* Dataset section
◆ ◆ ◆ ◆ ◆
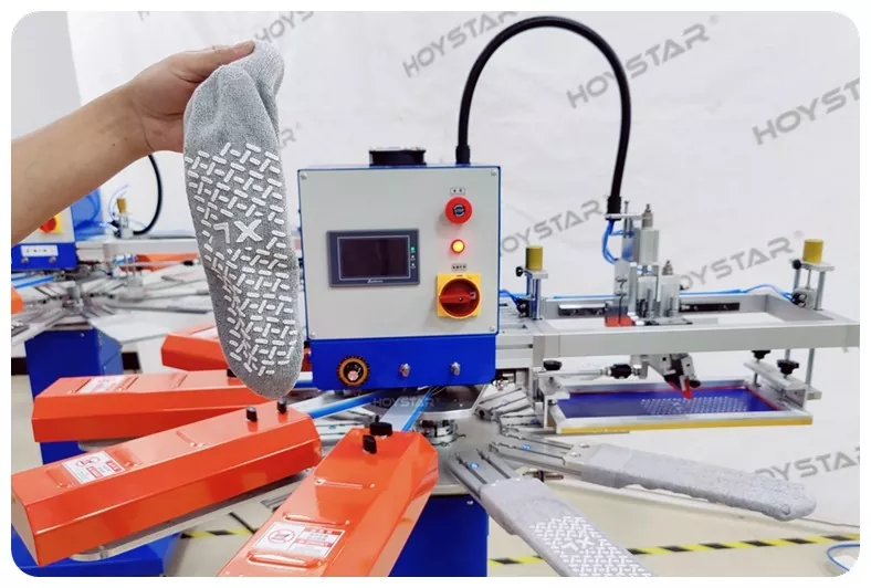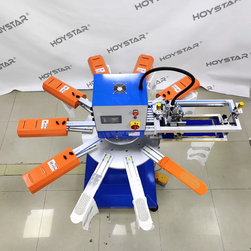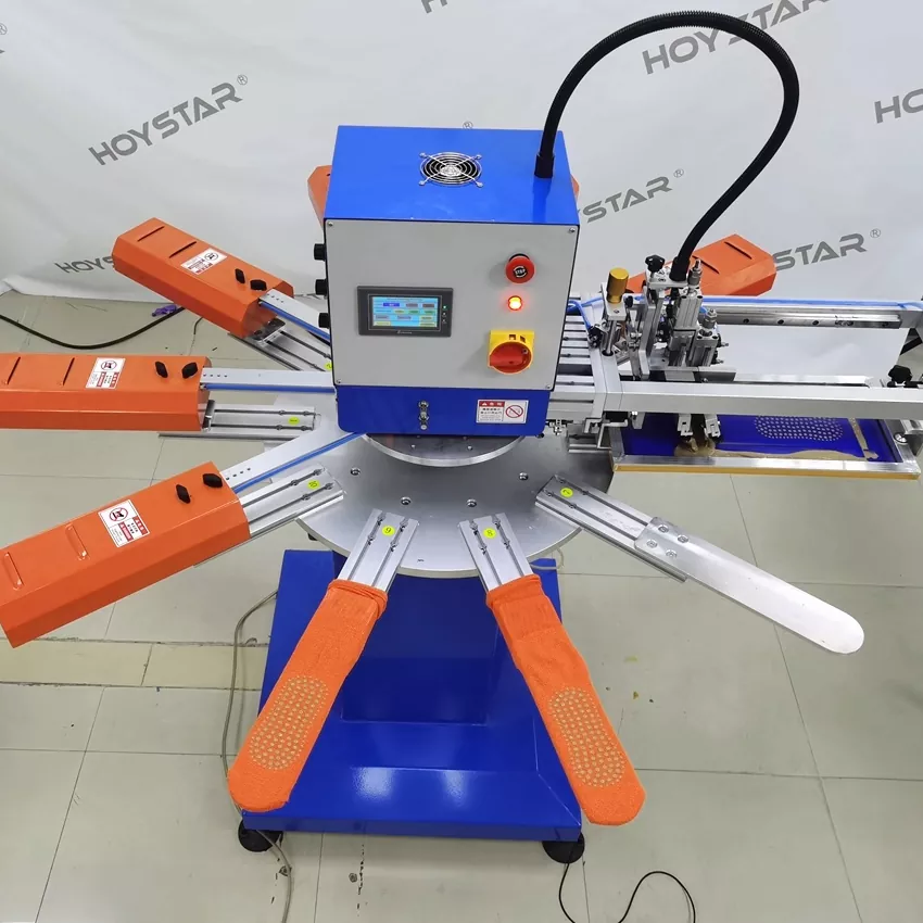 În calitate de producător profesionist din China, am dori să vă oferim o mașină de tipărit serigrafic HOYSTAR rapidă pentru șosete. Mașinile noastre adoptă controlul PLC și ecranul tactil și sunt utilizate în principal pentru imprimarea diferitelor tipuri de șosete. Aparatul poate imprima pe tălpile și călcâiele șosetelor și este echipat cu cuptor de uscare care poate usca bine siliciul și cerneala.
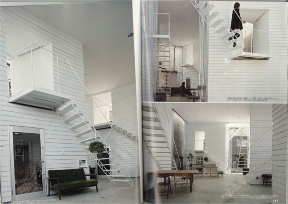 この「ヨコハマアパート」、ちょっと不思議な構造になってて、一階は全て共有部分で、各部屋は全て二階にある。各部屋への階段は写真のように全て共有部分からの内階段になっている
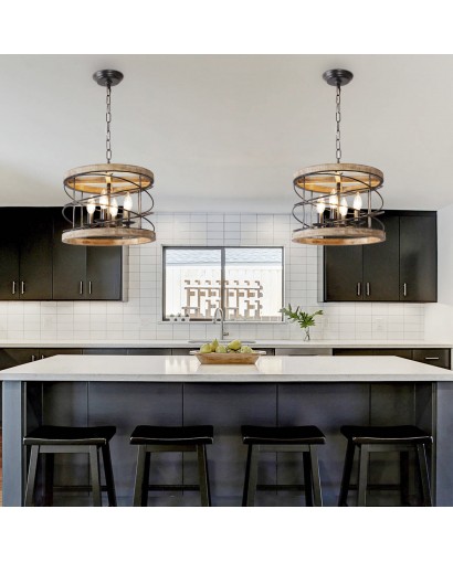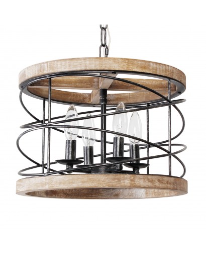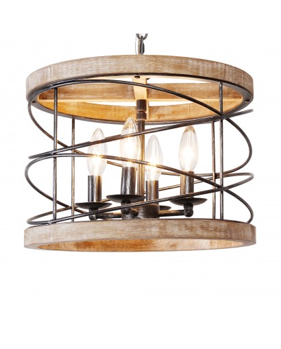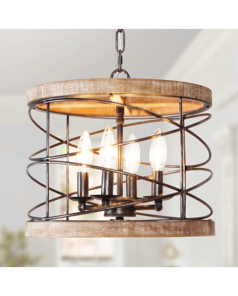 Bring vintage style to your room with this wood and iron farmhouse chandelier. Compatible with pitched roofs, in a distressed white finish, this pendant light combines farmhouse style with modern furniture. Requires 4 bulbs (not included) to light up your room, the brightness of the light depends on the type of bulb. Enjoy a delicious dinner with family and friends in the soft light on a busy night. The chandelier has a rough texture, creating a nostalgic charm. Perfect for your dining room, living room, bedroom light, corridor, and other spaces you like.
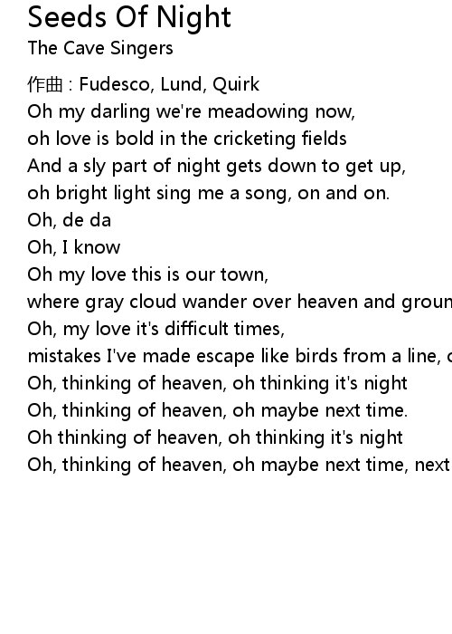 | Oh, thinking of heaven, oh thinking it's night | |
◆ ◆ ◆ ◆ ◆
* About this task
Your task is to write out, exactly and without pictures, only the lines from the one holding "この「ヨコハマアパート」、ち" to the last line of the data.

* Task solution
 この「ヨコハマアパート」、ちょっと不思議な構造になってて、一階は全て共有部分で、各部屋は全て二階にある。各部屋への階段は写真のように全て共有部分からの内階段になっている
 Bring vintage style to your room with this wood and iron farmhouse chandelier. Compatible with pitched roofs, in a distressed white finish, this pendant light combines farmhouse style with modern furniture. Requires 4 bulbs (not included) to light up your room, the brightness of the light depends on the type of bulb. Enjoy a delicious dinner with family and friends in the soft light on a busy night. The chandelier has a rough texture, creating a nostalgic charm. Perfect for your dining room, living room, bedroom light, corridor, and other spaces you like.
 | Oh, thinking of heaven, oh thinking it's night | |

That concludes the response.